*Assigned task*.
In the listing that follows, find the line with "资料图:9月1日,重庆市大渡口区双山实验小学的学生们戴着口罩有序进入校园。 中新社记者 陈超", then copy exactly from it through the line with "This is an excellent", leaving out every picture.

*Task input*.
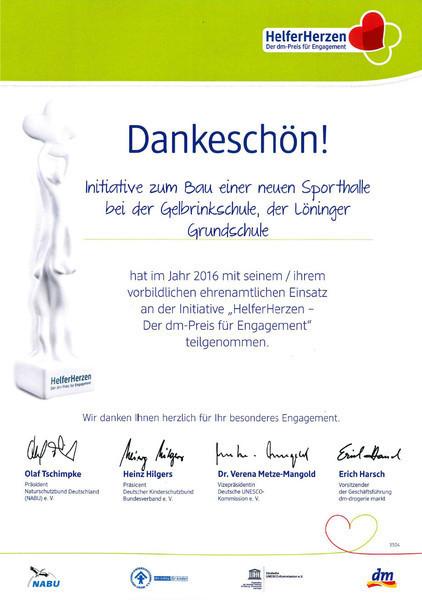 Die Aktion "HelferHerzen" hat sich bei der Initiative zum Bau einer neuen Sporthalle bei der Gelbrinkschule, der Löninger Grundschule, mit einer Dankeschön-Urkunde bedankt. Wir freuen uns sehr über diese Urkunde, auch wenn wir leider nicht zu den eigentlich Ausgezeichneten der diesjährigen Aktion gehören.
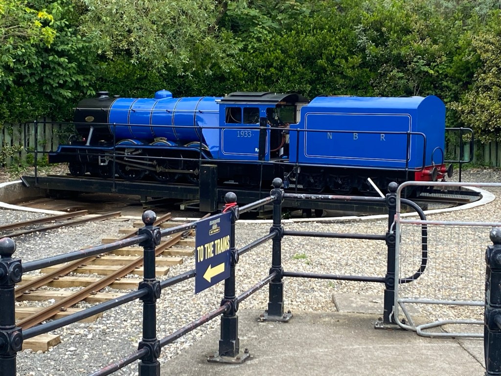 The day started with heavy rain but by 9am it had stopped. We did all the normal jobs and then set off on a walk to the Japanese gardens. A short walk from there is the Scarborough North Shore Railway. We got two return tickets to Scalby Mill where there is a pub.
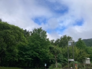 3日目。朝のつどい。係の人が今日の活動内容を伝え、「最後まで頑張りましょう。」と話してくれました。その後、朝の体操をしました。今日の天気は、曇りですが、くもの合間から青空も見えています。
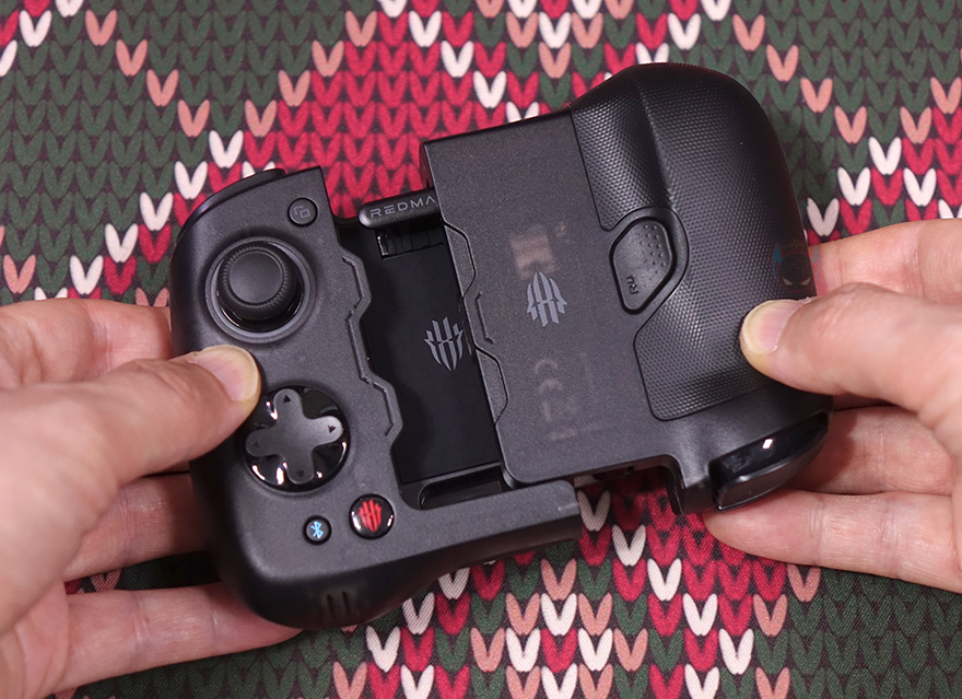 그럼, 본격적으로 Nubia(누비아)의 Redmagic Double Blade(레드매직 더블 블레이드) 게임패드를 살펴보는데, 앞서 제품 박스 후면에서 먼저 간접적으로 확인했듯이 이 제품의 가장 큰 특징은 패드가 분리형입니다. 그래서, 개봉시 파우치에서 꺼내면 패드가 결합된 상태로 있죠. 자석방식(Magnetic)으로 결합된 거라 양손으로 각각 패드를 잡고 벌리면 쉽게 분리가 됩니다. 기존에 일반적인 모바일 게임패드는 일체형으로 스마트폰 장착을 위해 길이가 늘어나는 방식이었다면, Redmagic Double Blade는 아예 분리된 형태로 스마트폰 길이에 대한 제한을 없애버렸죠.
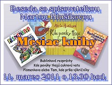 Na besedu so spisovateľkou Martou Hlušíkovou pri príležitosti Mesiaca knihy pozýva Gemersko-malohontské múzeum v Rimavskej Sobote. Beseda sa uskutoční 11. marca 2011 o 13.30 hod. v priestoroch múzea. Záujemci sa s pani spisovateľkou budú môcť porozprávať o veselých rozprávočkách z jej kníh, ako napr. Bublinkové rozprávky, Kde pavúky tkajú cukrovú vatu, Písmenkovo, alebo Tam, kde pršia výkričníky. Skupinovú účasť zo škôl je potrebné nahlásiť vopred telefonicky na číslo: 047/5632741, alebo na e-mail: . Vstup na besedu je voľný.
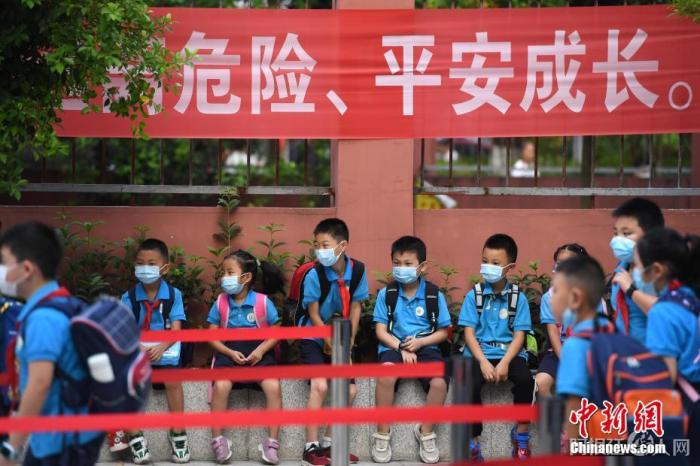 资料图:9月1日,重庆市大渡口区双山实验小学的学生们戴着口罩有序进入校园。 中新社记者 陈超 摄
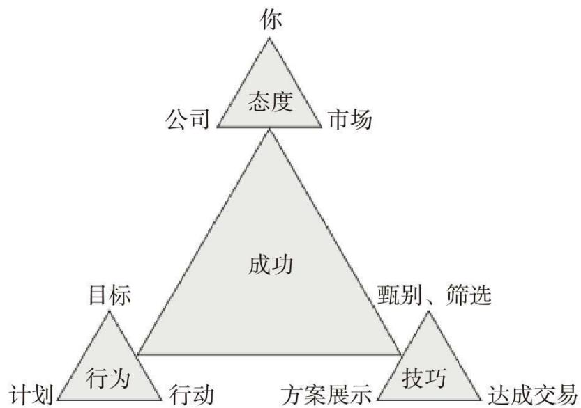 态度、行为和技巧是与桑德拉成功金三角相关的三个部分。要想获得成功,你必须同时发展这三个部分。例如,即便你拥有一个积极的态度,但如果这种积极态度不能转化为得到有效实施的计划,你也可能所获甚少或一事无成。出于同样的原因,即便你拥有最佳的行为规划,但没有好的态度支撑,没有必备的技能,那你注定会失败。而且,仅仅拥有技巧是走不远的,除非你还拥有乐观的取胜态度和适当的行为规划。
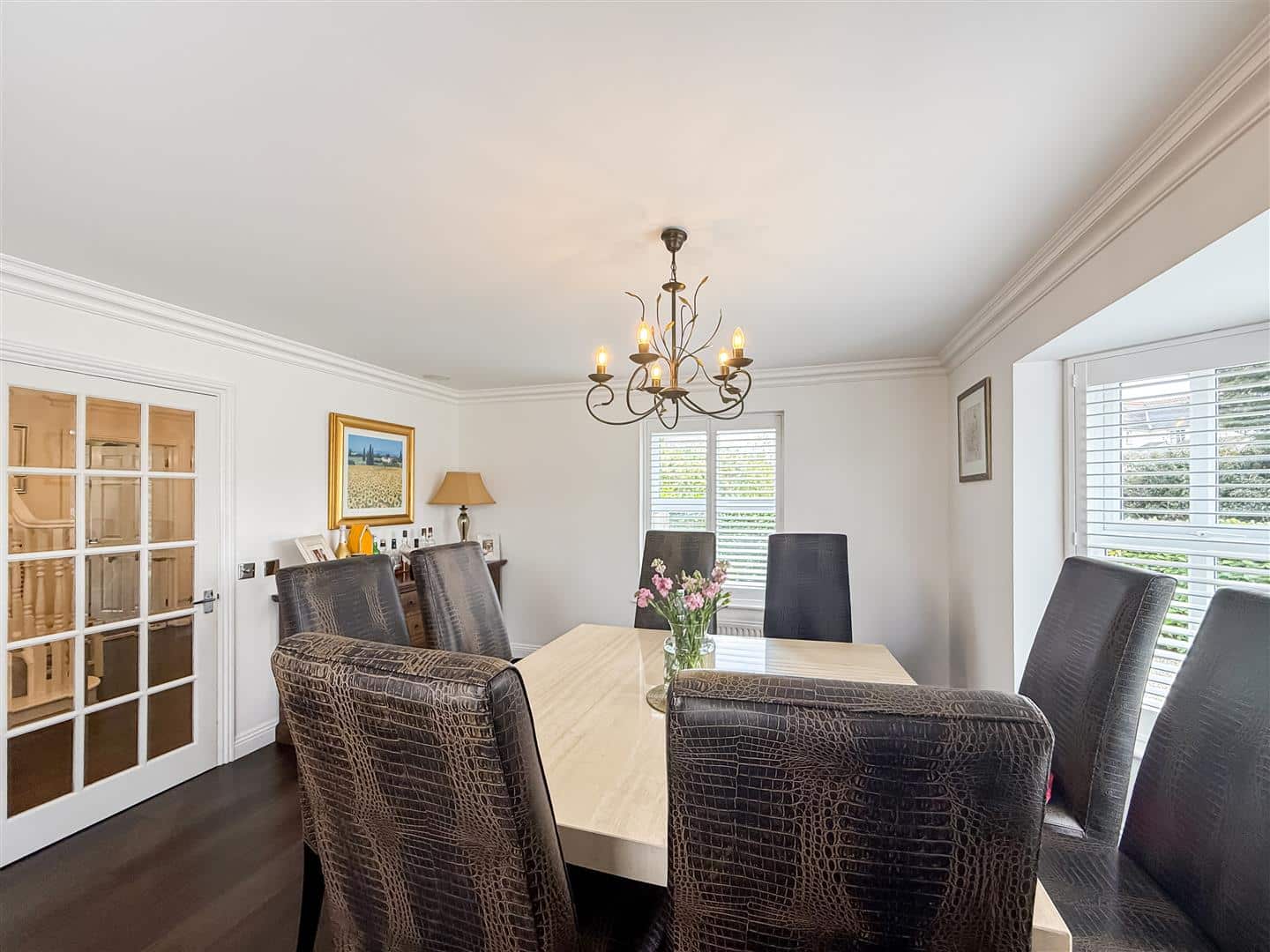 This is an excellent size room made for family gathering and entertaining. Double glazed bay window bay window to the front with fitted white shutter/blinds, double glazed window to the side with white/shutter blind, two radiators and audio ceiling speaker.
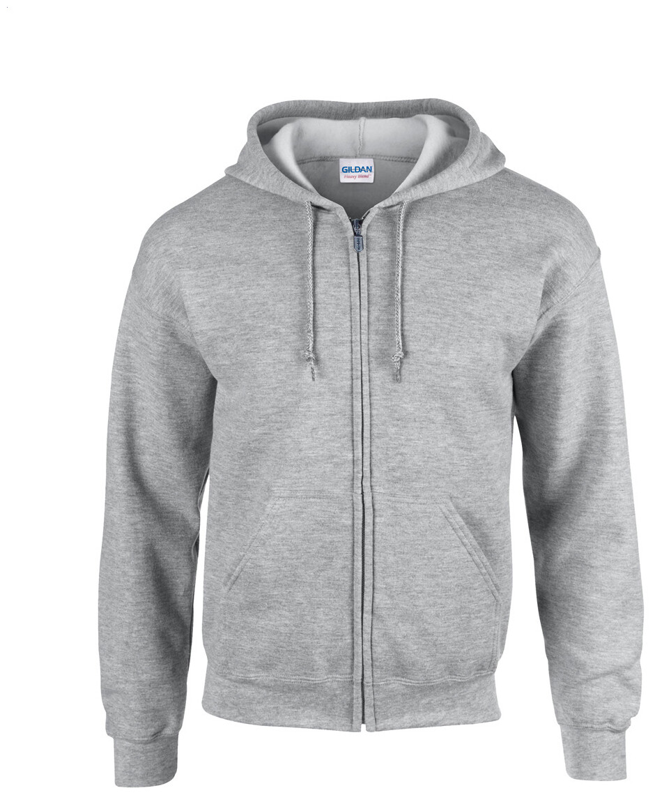 Mikina 50% bavlna / 50% polyester s kapucí, kovovým zipem a předními kapsami, 271 g/m2 (bílá 257 g/m2). Produkt značky Gildan.
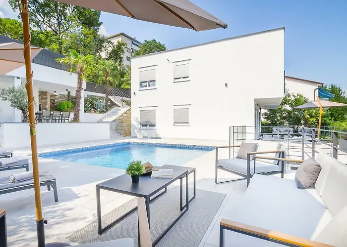 Villa Marta de 4 dormitorios ofrece sauna, parque acuático y terraza solárium. La Playa de Opatija está a aproximadamente 2 km de la villa, y el Paseo de la Fama de Croacia se sitúa a unos 10 minutos en coche.
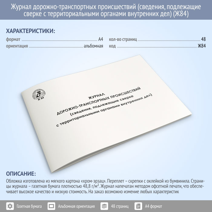 Журнал дорожно-транспортных происшествий (сведения, подлежащие сверке с территориальными органами внутренних дел) (48 стр., Ж84) в Великом Новгороде купить

*Your solution*.
 资料图:9月1日,重庆市大渡口区双山实验小学的学生们戴着口罩有序进入校园。 中新社记者 陈超 摄
 态度、行为和技巧是与桑德拉成功金三角相关的三个部分。要想获得成功,你必须同时发展这三个部分。例如,即便你拥有一个积极的态度,但如果这种积极态度不能转化为得到有效实施的计划,你也可能所获甚少或一事无成。出于同样的原因,即便你拥有最佳的行为规划,但没有好的态度支撑,没有必备的技能,那你注定会失败。而且,仅仅拥有技巧是走不远的,除非你还拥有乐观的取胜态度和适当的行为规划。
 This is an excellent size room made for family gathering and entertaining. Double glazed bay window bay window to the front with fitted white shutter/blinds, double glazed window to the side with white/shutter blind, two radiators and audio ceiling speaker.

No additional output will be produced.